In life things are hardly ever simple and almost never easy. No matter how much I wanted, when I was caught in the passions of pleasure, to descend into them so much I couldn't just do that. And no matter how much I wanted to find some kind of acceptance, that is sometimes precisely the most difficult thing in the world to achieve.

Some people spend a lifetime and fail at it, and here I was barely a day into having my whole damn world turned upside down and the only thing I was really certain of was that I was uncertain of things.

I curl into myself on the bed, the pleasure ebbing out to the edges of me and seeping away into the mattress below. Reaching a hand out I drag the sheets over me and I don't stop until I'm cocooned beneath them and only then do I give myself a chance to breathe.

His voice echoes in my mind. Cold and cruel though it might be the words of my father tell me the same thing over and over again with a sneer of disdain and disappointment and hate.

"Look at yourself," he told me, "What do you think you are?"

I shiver, curling into myself and hugging my knees up to my chest. I clench my eyes shut and I shake my head and I try to hold on to the warmth but it's too late.

It's all too late and it's slipping away.

I worry that he's right.
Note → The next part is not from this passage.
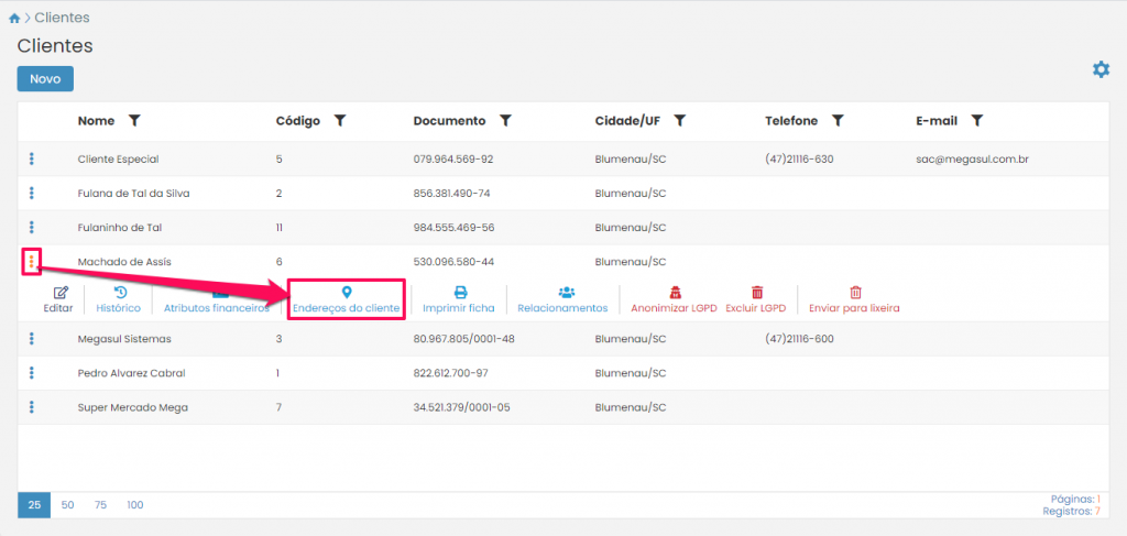 Caso você queira manter o cadastro do cliente, mas excluir um dos endereços vinculados a ele clique nos três pontinhos ao lado do cliente na listagem. Depois, pressione o botão Endereços do cliente.

It's been so long since I really listened to him and I have sworn to myself time and again that he doesn't control me anymore but still he was the first to put his hand on the scales of my life and I can't say that he wasn't formative.
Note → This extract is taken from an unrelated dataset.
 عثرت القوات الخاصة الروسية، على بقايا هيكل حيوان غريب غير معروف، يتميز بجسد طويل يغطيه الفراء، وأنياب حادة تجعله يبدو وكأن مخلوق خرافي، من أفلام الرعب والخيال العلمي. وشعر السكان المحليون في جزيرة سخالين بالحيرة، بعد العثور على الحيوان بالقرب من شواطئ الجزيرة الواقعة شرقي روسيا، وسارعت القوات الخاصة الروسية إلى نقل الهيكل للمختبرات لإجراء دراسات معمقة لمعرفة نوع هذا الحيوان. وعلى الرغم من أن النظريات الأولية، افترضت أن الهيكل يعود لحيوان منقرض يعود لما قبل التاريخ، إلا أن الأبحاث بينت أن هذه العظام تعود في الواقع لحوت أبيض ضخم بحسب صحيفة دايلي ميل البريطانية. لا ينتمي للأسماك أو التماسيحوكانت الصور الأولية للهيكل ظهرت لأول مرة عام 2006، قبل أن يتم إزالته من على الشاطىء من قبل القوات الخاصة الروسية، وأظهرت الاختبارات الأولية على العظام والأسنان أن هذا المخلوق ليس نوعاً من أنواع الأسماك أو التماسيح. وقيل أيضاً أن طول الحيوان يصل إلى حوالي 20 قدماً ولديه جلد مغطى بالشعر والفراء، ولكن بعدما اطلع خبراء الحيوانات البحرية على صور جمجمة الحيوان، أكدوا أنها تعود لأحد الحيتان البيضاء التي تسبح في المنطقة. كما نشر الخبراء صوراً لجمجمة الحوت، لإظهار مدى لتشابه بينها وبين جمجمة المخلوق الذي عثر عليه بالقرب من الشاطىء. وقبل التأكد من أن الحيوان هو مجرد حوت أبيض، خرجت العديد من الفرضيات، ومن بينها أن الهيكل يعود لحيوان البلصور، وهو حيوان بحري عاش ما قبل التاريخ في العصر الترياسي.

I hate myself and maybe more than a little of that comes from him. Though I can't blame him for everything, it's still his voice I heard when I despise what I've become.

But I heard his voice when I was a man as well. Sure now it's pronounced but it was back then and he hated everything that I ever was and ever could be and maybe that's a good enough reason to ignore him. Scratch that I know it is but it's not as simple as that. You can't shrug off a lifetime’s worth of trauma overnight.
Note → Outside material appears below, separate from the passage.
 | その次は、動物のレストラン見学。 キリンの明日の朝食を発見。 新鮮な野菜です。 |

I am Emily Ross, but am I?

I worry that I'm not, that I'm just fooling myself into believing the easy lie. I worry that I've deluded myself and am riding high on a wave of pleasure and that I'm misremembering the life I left behind and that the other voice in me, the one who keeps telling me to relax and enjoy and be her, is the one that's lying to me and I just don't know which one to believe. I don't know which one is right.

But for the first time I think I might be open to believing the latter and when I close my eyes I hear words I don't understand and cannot remember but seem so familiar all the same and they tell me one thing with sadness and regret but hope all the same.

"Worry not. You're almost there."

It feels so much like I'm caught between these two destinations and I don't know which is real and which a lie borne of comfort but know that I'm open now to understanding. If the little voice in my heart that tells me that I belong here is true, then I will follow it. I will do my best to live this life to the fullest and not make all the same mistakes I did before. I'll put the words of my father and his hand on my life out of my mind, cast it away from me and forget it forevermore.

Because honestly it feels right now like he's the one that's lying. It feels right now like this is where I belong.

I'm not certain, though. There is a part of me that worries that all the certainty that I've found comes from a moment of temporary insanity brought on by the urges and desires of this body. Mere chemical reactions, a cause and efffect.

There is a part of me that's terrified that, even though it’s what I want to be, I'm not Emily Ross after all.